Differences in Antioxidant/Protective Efficacy of Hydrated C60 Fullerene Nanostructures in Liver and Brain of Rats with Streptozotocin-Induced DiabetesVictor Nedzvetsky1, Grigoriy Andrievsky2, Tamar Chachibaia3 and Artem Tykhomyrov4*
- *Corresponding Author:
- Artem Tykhomyrov
Palladin Institute of Biochemistry of the National Academy of Sciences of Ukraine (NASU)
9 Leontovicha str, Kyiv, 01601, Ukraine
Tel: + 380507552855
E-mail: [email protected]
Received date July 10, 2012; Accepted date September 11, 2012; Published date September 17, 2012
Citation: Nedzvetsky V, Andrievsky G, Chachibaia T, Tykhomyrov A (2012) Differences in Antioxidant/Protective Efficacy of Hydrated C60 Fullerene Nanostructures in Liver and Brain of Rats with Streptozotocin-Induced Diabetes. J Diabetes Metab 3:215. doi:10.4172/2155-6156.1000215
Copyright: © 2012 Nedzvetsky V, et al. This is an open-access article distributed under the terms of the Creative Commons Attribution License, which permits unrestricted use, distribution, and reproduction in any medium, provided the original author and source are credited.
Background: Diabetes mellitus causes damage to many vital organs, including brain and liver, mostly due to excessive free radical generation and development of oxidative stress. Some water-soluble forms of C60 fullerene and their hydrated nanostructures are proposed for prevention as well as treatment of various pathological conditions caused by oxidative stress.
Aim of the study: Assessment and comparison of antioxidant effects of hydrated C60 fullerene (C60HyFn) in brain and liver of rats with experimental streptozotocin (STZ)-induced hyperglycemia and evaluation of possible neuroprotective capacity of C60HyFn acting as potent agent to suppress reactive astrocytosis. Materials and methods: To induce hyperglycemia, male Wistar rats received single intraperitoneal (i.p.) injection of STZ in a dose of 45 mg/kg body weight (b.w). Thirty five rats were divided into 5 groups (7 animals per group): Group I (control, saline-injected rats); Group II (STZ-diabetic rats); Group III (rats injected with C60HyFn in a dose of 0.3 mg/kg b.w–C60HyFn control); Group IV (rats received single i.p. injection of C60HyFn in the same dose one week prior to STZ injection – prophylactic regime); Group V (rats received single i.p. injection of C60HyFn in the same dose one week after development of stable hyperglycemia–therapeutic regime). The following parameters were assessed in the groups of control and experimental animals: blood glucose concentration, levels of end-products of lipid peroxidation (LPO) and carbonylated proteins as markers of protein oxidative modifications (POM) in liver and brain tissues. Levels of astrogliosis in various sections of rat brain were monitored as additional parameter of C60HyFn neuroprotection. Immunochemical and immunohystochemical determination of glial fibrillary acidic protein (GFAP) as sensitive marker of astrocyte response were applied to evaluate intensity of astrocyte reactivity.
Results: STZ induced consistent hyperglycemia accompanied by extended oxidative damage of lipids and proteins in rats’ central nervous system (CNS) and liver. Beneficial effects of C60HyFn on oxidative status in liver of rats with hyperglycemia were observed in both regimes of administration. However, C60HyFn markedly reduced abnormally high levels of macromolecule oxidation in diabetic brain tissues only when used in therapeutic regime. In addition, diabetic rats were characterized by significant elevation of GFAP levels due to increase of astrocyte reactivity in brain cortex and hippocampus. C60HyFn treatment restored GFAP levels near to normal supposedly by lowering of astrogliosis caused by hyperglycemia.
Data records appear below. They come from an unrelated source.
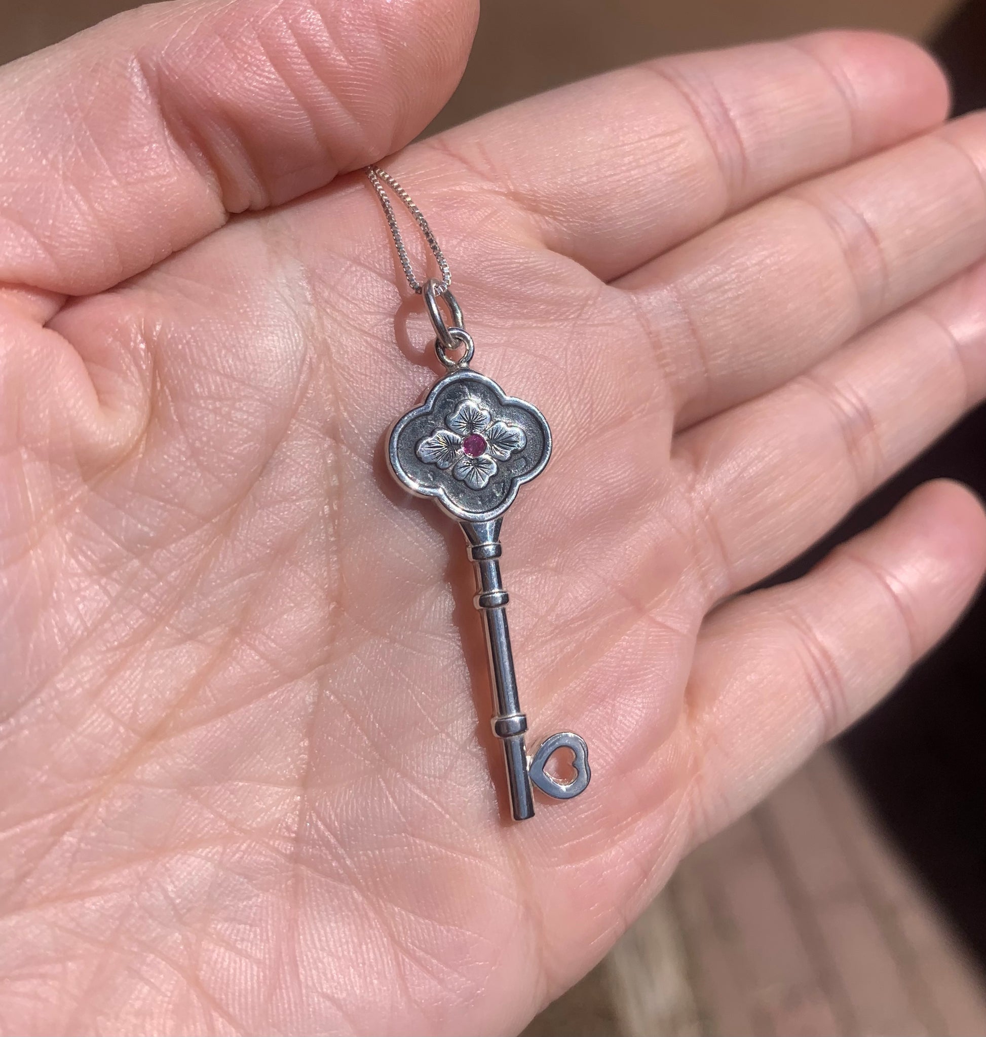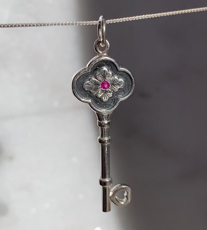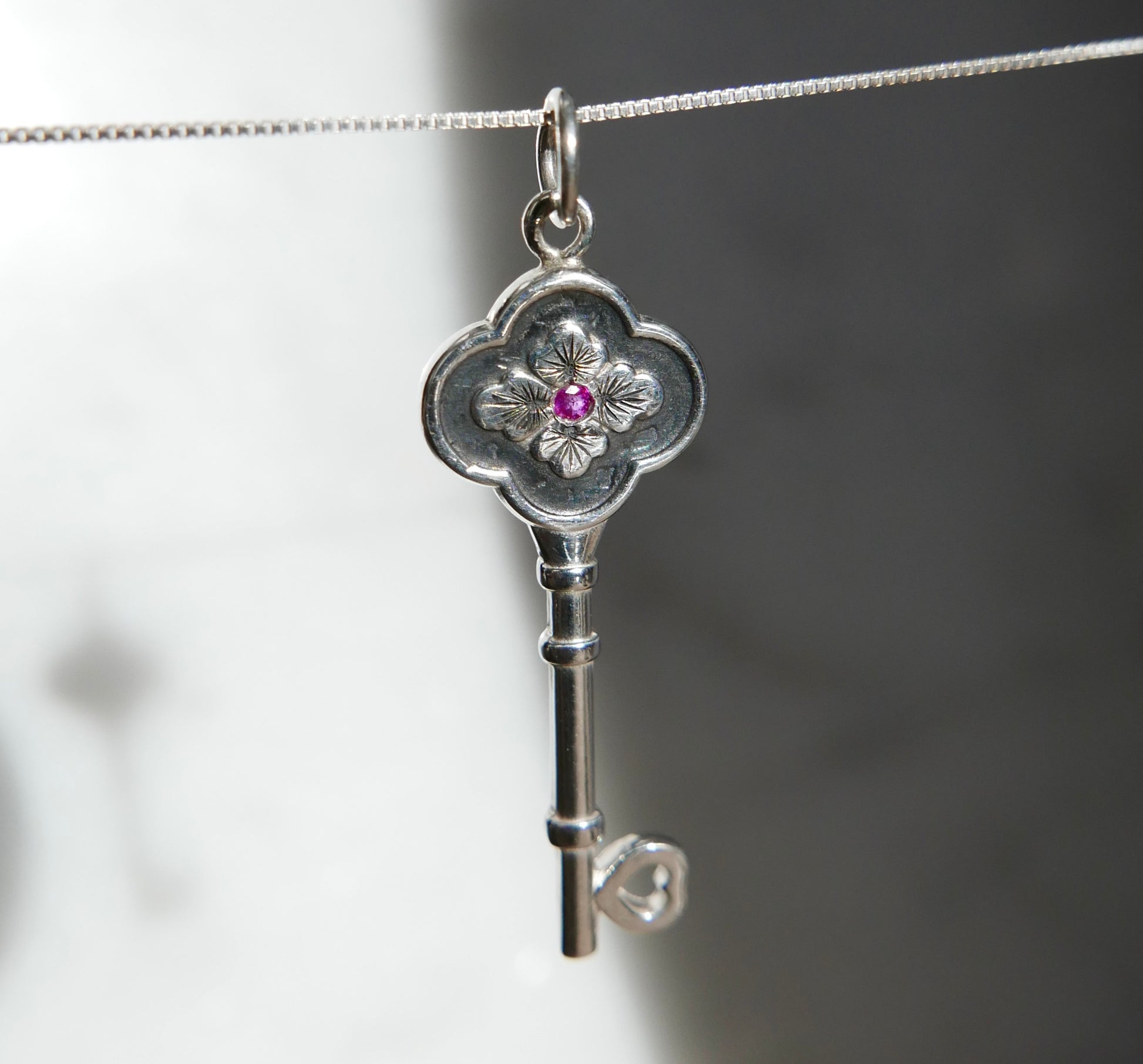 This Japanese Kamon crest key necklace features a pink sapphire set in the hand engraved key. The pendant length including the bail at the top is 1" 3/4. The pendant hangs from a 18" dainty box chain. The back of the pendant is stamped with my logo and sterling silver quality stamp (925)
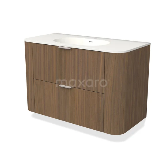 Modulo Plus Bathroom furniture with sink | 100 cm Walnut wood front Solid surface 2 Stacked rounded drawers
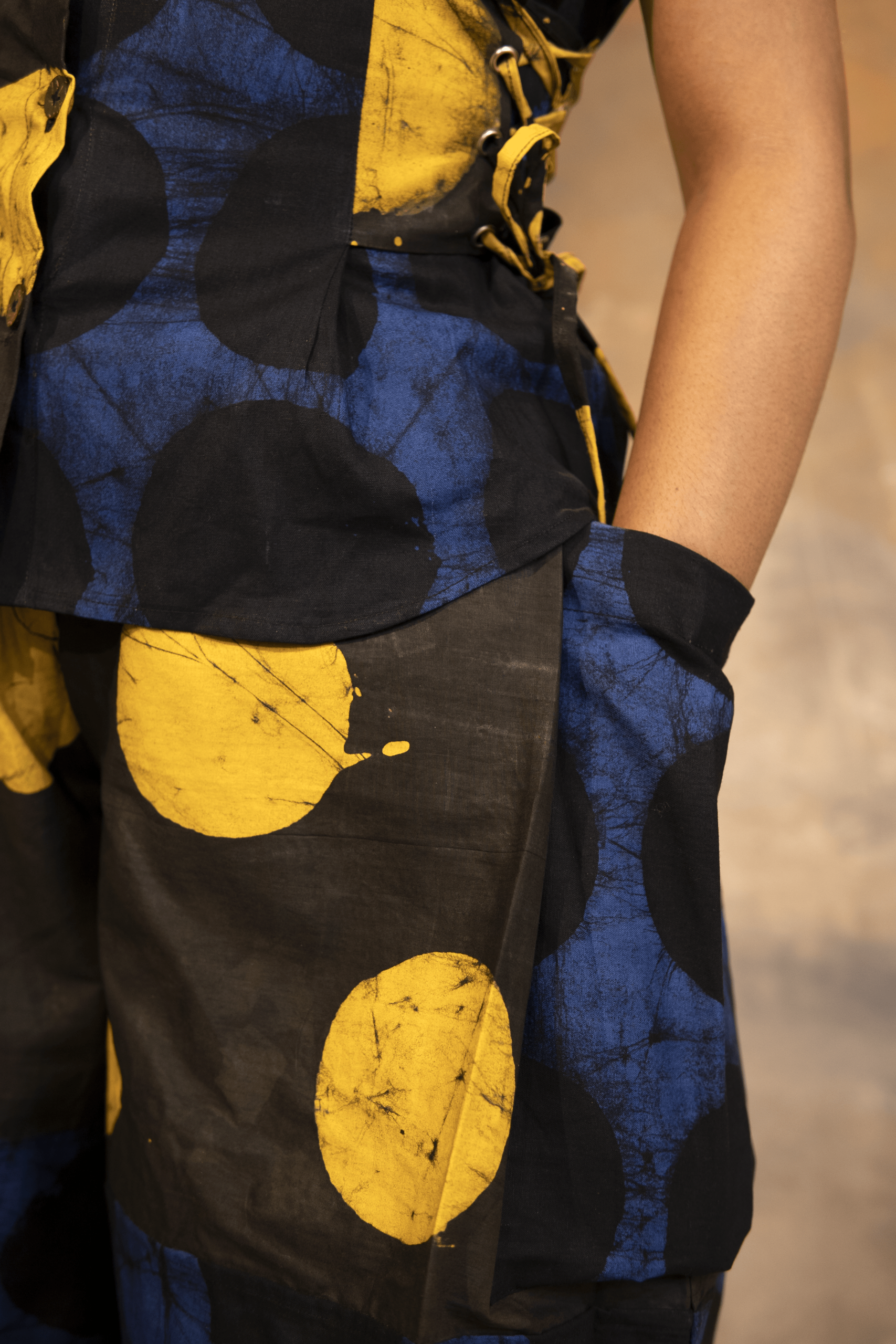 The VA-ANIKE Set  is a stylish two-piece made with mixed Adire fabrics. The sleeveless button-down shirt has a fitted waist, a structured bodice, and lace-up side details that highlight the waistline. It also features a mini chest pocket and turned-up sleeves for a chic touch. The matching pants come with a wide waistband, defined seams, and a dramatic flared shape, complete with deep angled side pockets at the hips. This set is both striking and elegant.

Though, C60HyFn, serving as high-performance antioxidant and alleviating harmful side-effects of diabetes such as oxidative stress, does not affect the blood glucose levels in diabetic rats and therefore not remove the prime cause of metabolic disturbance.
Conclusion: Nanostructures of hydrated C60 fullerene have been shown to exert beneficial effects in brain and liver of rats with STZ-induced diabetes mainly through the diminution of oxidative stress and can be applied for prevention and treatment of diabetic complications such as liver injury and neuropathy.